Before the firing squad ended his life, Sukumaran imparted his final thoughts with spiritual advisor, Reverend Christie Buckingham.
“Do me a favor,” News Corp Australia quoted him as telling her.
“Ask the question in a year’s time, has this made any difference? Has it made any difference in Indonesia? Has it made any difference to the way Australians feel about the death penalty? Ask this question in one year, in five years and in 10 years. Ask it to yourself, ask it to those around you and ask it to anyone who will listen. Has this made a difference either way? Has this made a difference?”
And perhaps as just a chilling revelation as Sukumaran’s last questions is that several members of the firing squad approached Buckingham to seek forgiveness, she says.
“He pulled his mask down and said ‘Maaf, Maaf’ (the Indonesian word for sorry).
“I just said Myu forgives you, I forgive you, God forgives you.”

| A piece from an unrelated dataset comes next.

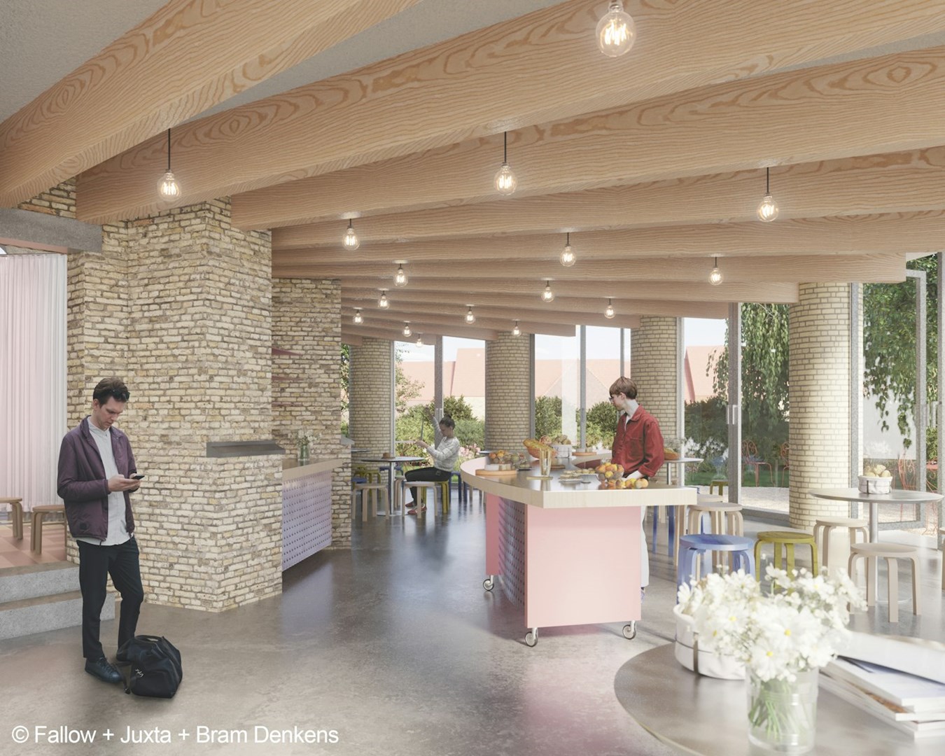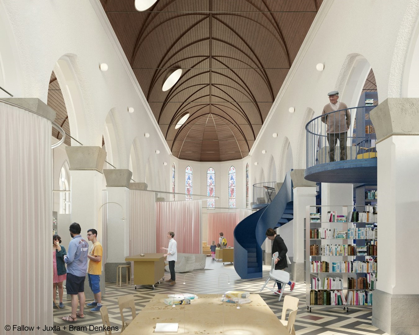 De bibliotheek van de toekomst is een open, multifunctionele ruimte die eenvoudig kan worden aangepast. Met akoestische gordijnen, boekenkasten op wieltjes, modulaire tafelsystemen en draaibare boekenplanken kan de ruimte flexibel worden opgedeeld of uitgebreid. Het leescafé krijgt een eigen plek net buiten de kerk. Door de buitenomtrek van het bestaande koor te verdubbelen met een nieuw volume, ontvouwt het gebouw zich als een waaier naar zijn omgeving – een genereus en uitnodigend gebaar.

Sukumaran and Chan were executed along with six others a year ago from today. The Bali Nine ringleaders were handed down the death penalty for a 2005 trafficking plot to smuggle heroin out of Bali into Australia. After a lengthy appeals process and many attempts to get clemency, they faced the firing squad, despite wide reports of their extensive rehabilitation efforts and progress.
And while execution talk has significantly slowed in the last year, reports are saying a new round of executions could come soon. An Indonesian delegate was booed at a UN meeting after defending the use of the death penalty on drug offenders earlier this month, but Indonesia seems resolute to keep executions coming.
But in response to Sukumaran, it seems even after the executions were meant to be such a great deterrent, drugs remain rampant throughout Bali and Indonesia. There are quite regular reports of both users and dealers being arrested and still stories of drug trading being run from inside Indonesia’s jails.